Oxford's Street's "candy and tat shops" are on council hit list
Seen by many as downmarket eyesores, Oxford Street’s raft of candy stores in London, alongside tourist shops and phone repair shops, could soon disappear if Westminster Council gets its way.
The council has outlined its intention to shed “questionable candy and tat shops” from the capital’s key shopping destination as a part of its £150 million rejuvenation plan for the street.
It’s calling for powers to be devolved so it can “curb irresponsible behaviour by people using short-term let properties”.
Rachael Robathan, leader of the council, said Oxford Street “must be rejuvenated and the ubiquitous US-style sweet shops and tourist shops must be replaced”, securing alternatives for empty retail units.
She said: “Nobody wants to live in an area with empty shops – that goes for Oxford Street as much as it goes for Oxford.
“Nobody wants their local high street to be filled with questionable candy or tat shops.
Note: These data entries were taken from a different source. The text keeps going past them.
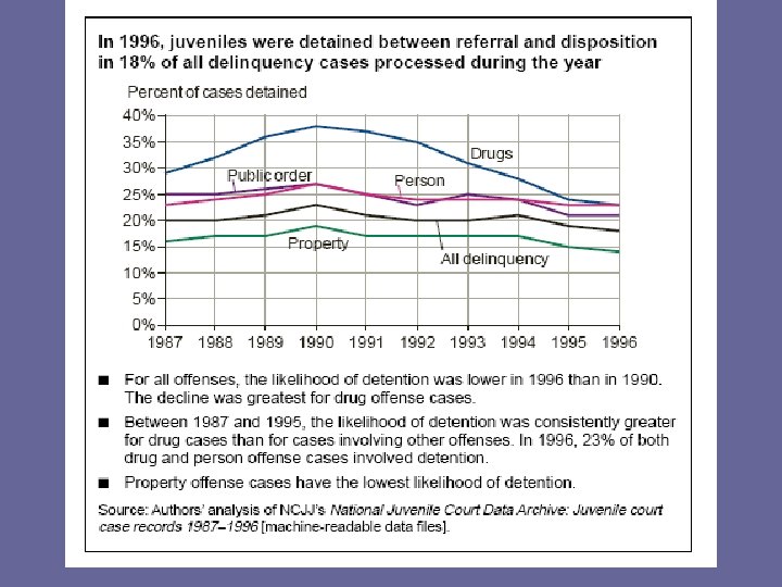 Bail Raises Difficult Questions about the Juvenile Court • If we have a bail system, why then have a juvenile court? Isn’t the purpose to use the law’s teeth to protect children, not just ensure that they make their court date? • Doesn’t a bail system reproduce the same inequalities for juveniles as for adults? Isn’t it double punishment for children (poor parents lead to delinquency, then poor parents increase risk of detention)? • Presumption of guilt • Remedial value of detention?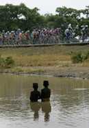 Kiba (Bur) et Appert (Fra – CEN) tentent leur chance en accélérant au km 45. Leur évasion ne dure qu’une trentaine de kilomètres, c’est-à-dire jusqu’au deuxième sprint intermédiaire, où doit se jouer un nouvel épisode de la conquête du maillot rose. La réaction de Viet lui permet de revenir provisoirement à égalité de points. Mais dix kilomètres plus loin, à Sapaga, Er Ragragui remporte le précieux point qui lui donne la tête du classement spécifique.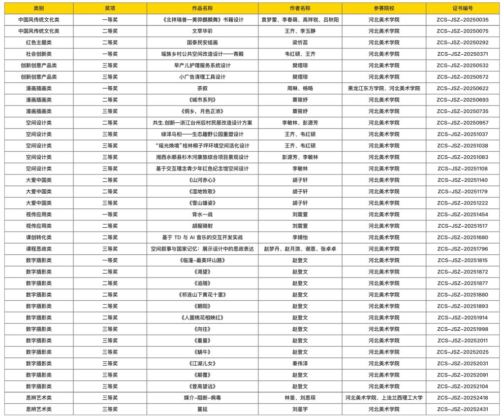 本届大赛以“丰富内心世界,创造产业辉煌”为主题,涵盖数字摄影、创新创意产品、视传应用等多个赛道,共吸引全国405所参赛高校。beat365官网师生积极报名参赛,精心打磨参赛作品。经过层层选拔和严格评审,多件作品凭借其独特的创意和精美的制作,在众多参赛作品中脱颖而出,最终取得了优异的成绩。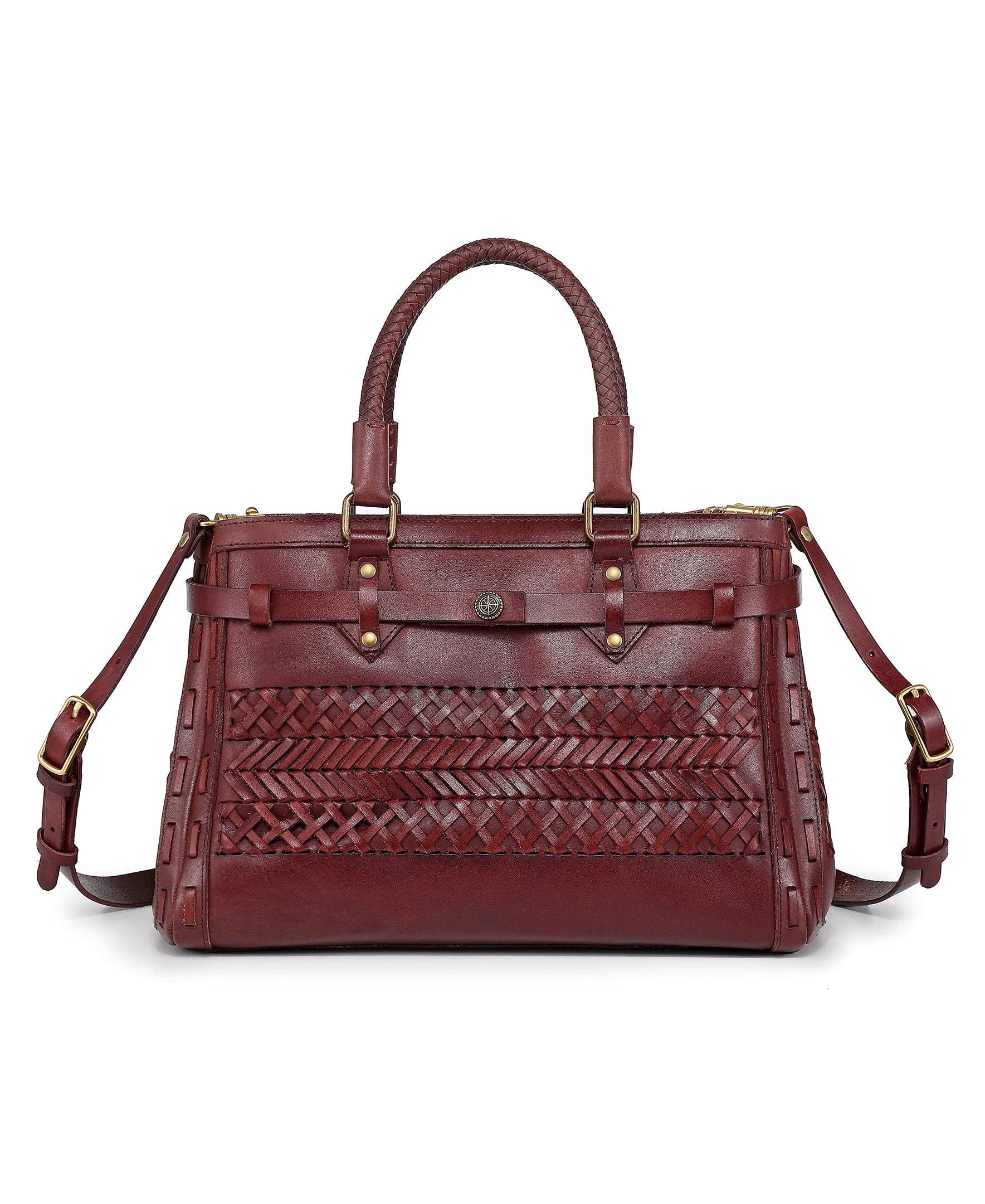 The Ember Satchel Bag is a chic and structured carryall for every day. Crafted from faux crocodile-embossed vegan leather with a color block finish, and designed with gold-tone embellishment, this satchel is a forever bag. Open the top zipper closure to reveal a fully lined well-organized interior with dedicated pockets for your phone, wallet, and other small items. The exterior features a small ring so you can attach your keyring. Carry the Ember Satchel Bag by the top handles or attach the adjustable crossbody strap for multiple carrying options. This style has a flat base and feet for stability. You will love this both practical and polished style. •Pockets: Interior features a wall zip pocket and two slip pockets. •Measurements: 11.8 W x 9.8 H x 6.3 D •Removable and Adjustable strap: Extends to 25. •Handle Drop: 4.75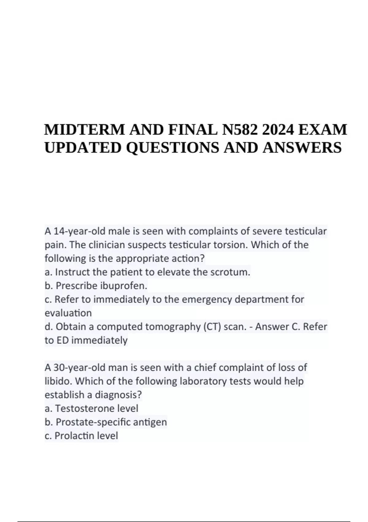 MIDTERM AND FINAL N582 2024 EXAM UPDATED QUESTIONS AND ANSWERS. A 14-year-old male is seen with complaints of severe testicular pain. The clinician suspects testicular torsion. Which of the following is the appropriate action? a. Instruct the patient to elevate the scrotum. b. Prescribe ibuprofen. c. Refer to immediately to the emergency department for evaluation d. Obtain a computed tomography (CT) scan. - Answer C. Refer to ED immediately A 30-year-old man is seen with a chief complaint of loss of libido. Which of the following laboratory tests would help establish a diagnosis? a. Testosterone level b. Prostate-specific antigen c. Prolactin level MIDTERM AND FINAL N582 2024 EXAM UPDATED QUESTIONS AND ANSWERS d. Nocturnal penile tumescence and rigidity - Answer A. Testosterone level A 35-year-old man presents with complaints of painful erections, and he notices his penis is crooked when erect. What is the most likely diagnosis? a. Peyronie's disease b. Damage to the pudendal artery c. Erectile dysfunction d. Testicular torsion - Answer A. Peyronie's disease An 82-year-old man is seen in the primary-care office with complaints of dribbling urine and difficulty starting his stream. Which of the following should be included in the list of differential diagnoses? a. Urethral stricture b. Prostate cancer c. All above d. Benign prostatic hyperplasia - Answer C. All of the above Peter is a 40-year-old male with a recent diagnosis of low testosterone. Which of the following counseling points is correct regarding low testosterone? a.Stress has no effect on testosterone levels. b.Lowering your HbA1c may improve your testosterone levels. c.Abstaining from cigarette smoking has no effect on testosterone d.Testosterone deficiency is due to hypergonadism. - Answer B. Lowering your A1C may improve your testosterone levels The 56-year-old man with chronic prostatitis should be treated with levofloxacin for how long? a.3 to 7 days b.4 to 6 weeks c.6 to 12 weeks d.14 to 21 days - Answer B. 4 to 6 weeks The patient with BPH is seen for follow-up. He has been taking finasteride (Proscar) for 6 months. The clinician should assess this patient for which of these side effects? a.Hypertension b.Headache c.Erectile dysfunction d.Glaucoma - Answer C. Erectile dysfunction Which of the following is a correct ACS (the American Cancer Society) recommendation of when to begin prostate screening? a.Asian American men should start screening at age 45. b.Men with no symptoms of prostate cancer and who are in good health should start screening at age 70. c.Caucasian men should start screening at age 55. d.African American men who have had a brother diagnosed with prostate cancer before the age of 65 should start screening at 45. - Answer D. African American men who have had a brother diagnosed with prostate cancer before the age of 65 should start screening at 45.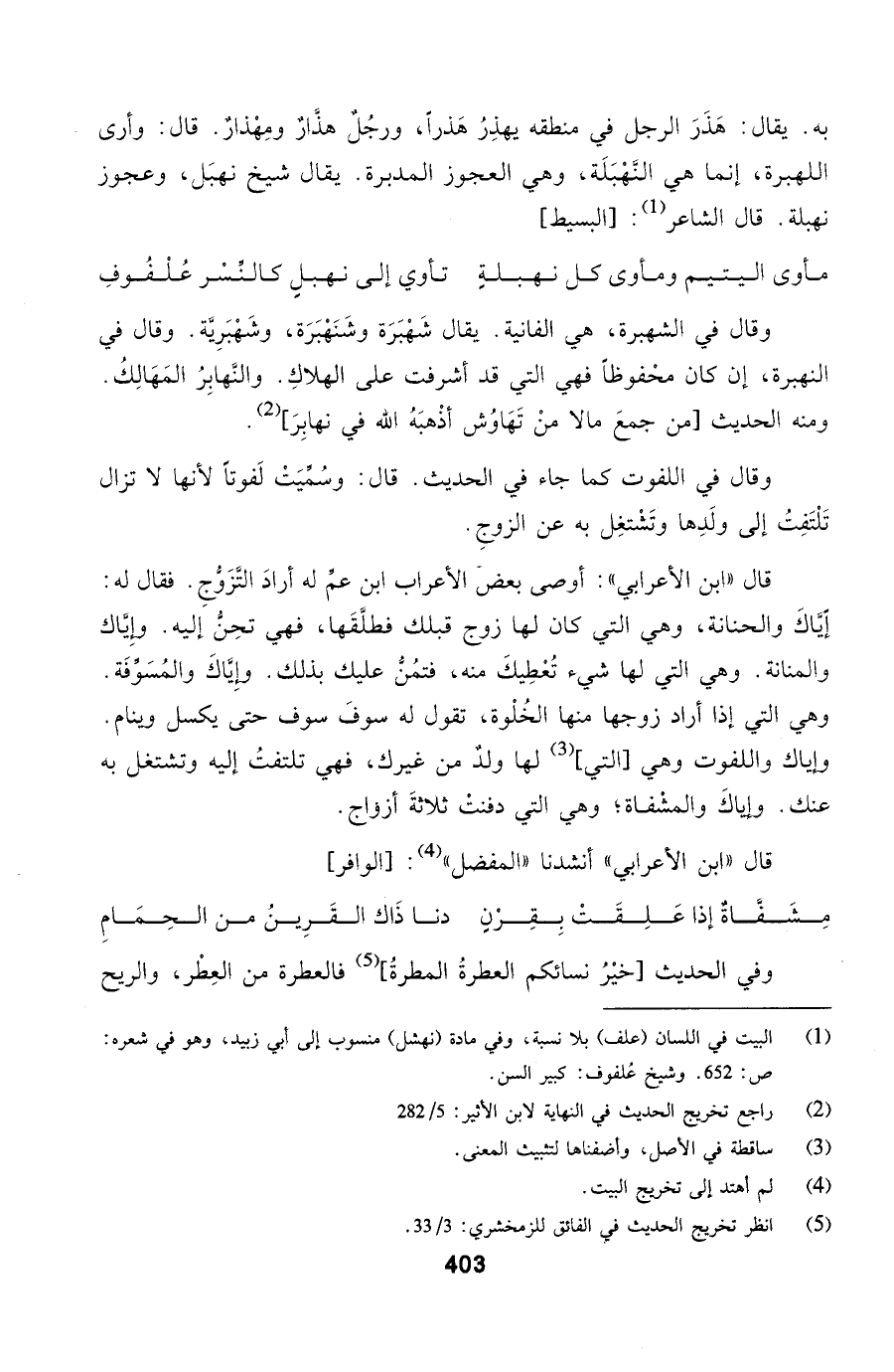 وقال في الشهبرة، هي الفانية. يقال شَهْبَرَة وشَنَهْبَرَة، وشَهْبَرِيَّة. وقال في النهبرة، إن كان محْفوظاً

But more importantly, nobody wants to see the loss of jobs, which would come with a long-term decline of an Oxford Street District filled with empty or derelict buildings.”
It’s thought more of these kinds of businesses are opening after the pandemic accelerated the decline of traditional bricks-and-mortar retail with landlords filling empty spaces on short-term leases.
Retailers including Topshop, House of Fraser, Debenhams and Gap have all closed Oxford Street stores leaving gaping holes in the landscape.
And although Robathan noted “there are beacons of hope”, such as IKEA moving to the street, and the Elizabeth Line finally due to open later this year, she added that “unless we do something, the decline of Oxford Street will continue.”